I am reading Asset Pricing by Cochrane. I am struggling to do the Fama-Macbeth cross-sectional regression and I am questioning my understanding of how to do this. I have no problems understanding how to do the two-step cross-sectional regression, it's the Fama-Macbeth bit that I am struggling with.
To get a bearing, let's start with cross-sectional regression. We have two steps.
Cross-sectional regression
Step 1: time-series regression to estimate factor loadings
For asset $i = 1, \dots, N$, perform the following regression:
$$ R_t^i = F_t \beta^i + \varepsilon_t^i $$
where $R_t^i$ is the return of asset $i$ at time $t$, $F_t$ $(1 \times K)$ row of factor values at time $t$ and $\beta_i$ is a $(K \times 1)$ factor loadings.
Step 2: cross-sectional regression to find risk premia
So now collect $\beta_i$ into a $(K \times N)$ matrix and perform the following regression where the $\beta$ matrix is the matrix of regressors (i.e. the data matrix) and we are estimating the $(K \times 1)$ vector $\lambda$.
$$ R_E^i = \beta' \lambda + a_i $$
where $R_E^i$ is the mean return in time of asset $i$.

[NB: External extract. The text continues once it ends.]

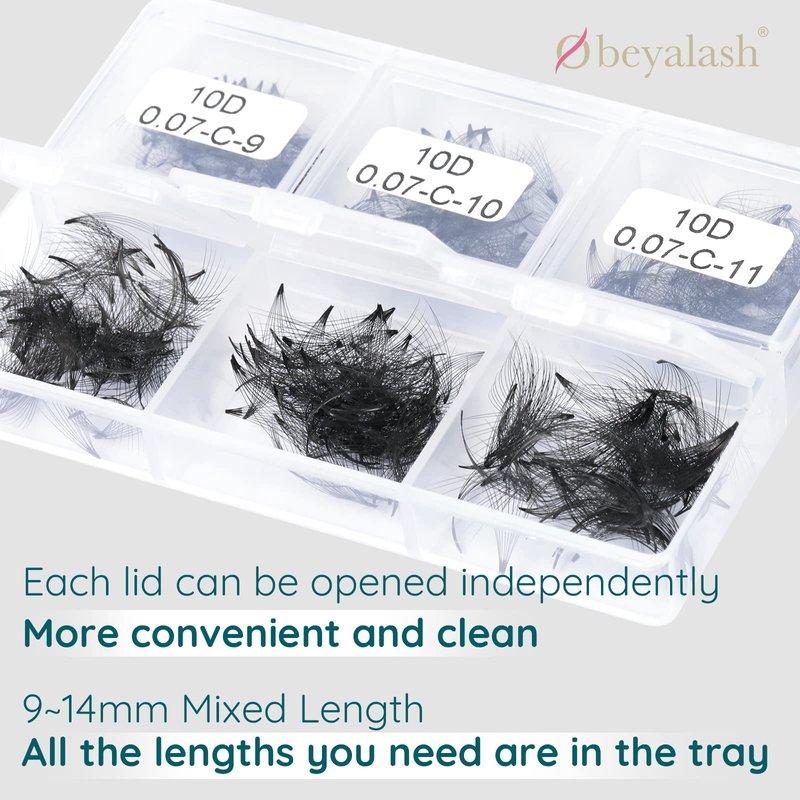 Obeyalash offer promade fans in 3D~11D 0.07mm thickness C/D curl 8mm~17mm length. You can use Obeya Promade fans to create every lash style. Your clients can get great results with different lengths. Obeya Promade lash fans handcrafted by skilled lash artist, lash fans are symmetrical and evenly spaced. Tiny adhesive bases are used for best bonding results, very lightweight. The Loose Fans Lash Extensions offer a much more genuine lasting experience and look. Promade Fans Lashes come in a box of 1,000 fans (only 3.5 cents per fan). 1000 (+1%) loose fans, the amount is correct. 8.3 times the amount of normal 12 rows lash trays. That's enough to serve 6-9 clients. This lash tray offers unbeatable value for the price. 8mm~17mm mixed length in one tray, a lot more cost effective than having to buy each length separately. Loose fans lash extensions are easier to use while working compared to normal tape lash trays. You can quickly pick up and apply eyelash fans with tweezers,the Promade fans are not attached to the tape, the premade fans won’t fall apart, moreover eyelashes are clean without residue.
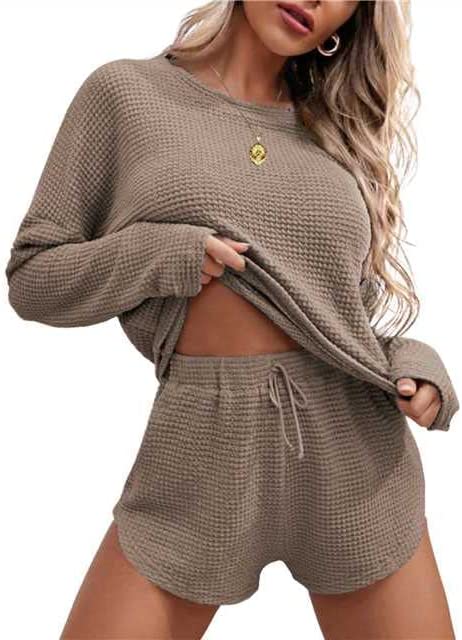 • Pajama Top: This casual womens loungewear set has a pullover top that features an crew neck, casual loose fit and solid color. This cute long sleeve Waffle top is full of stretchy, perfect for the relaxing season.

So far so good. I've implemented this and I get similar results to various implementations quoted in the literature.
Fama-Macbeth
To perform a monthly Fama-Macbeth cross-sectional regression estimated over a one-year rolling window on daily data I still need to do two steps like so.
Step 1
At each month, take the past 12 months of daily data (~252 data points) and perform a time-series regression to obtain the $\beta_t$ where $t$ is the index of the month. This is exactly the same as the first step in the previous example, only we don't use the full sample but we just use a rolling 12-month window.
Do this for all months and collect the $\beta_t$ matrices. Now $\beta = \frac{1}{T} \sum_{t=1}^T \beta_t$.
Step 2
Now we have the averaged factor loadings $\beta$, we perform effectively the same as step two above for each time period but we use the average betas across all periods. In other words, we perform the following regressions:
$$ R_{E,t}^i = \beta' \lambda_t + a_t^i $$
where $R_{E,t}^i$ is the average return of asset $i$ during the last 12 months leading to month $t$ computed on daily data.
Now, take the $\lambda_t$ and average them (similarly to the betas) and that is our result.
Having doneI seem to have implemented the cross-sectional regression correctly and get similar coefficients to one published in literature. But, having implemented the Fama-Macbeth regression, I'm getting wild coefficients which I don't expect to be getting which is why I believe my understanding of what to do is wrong.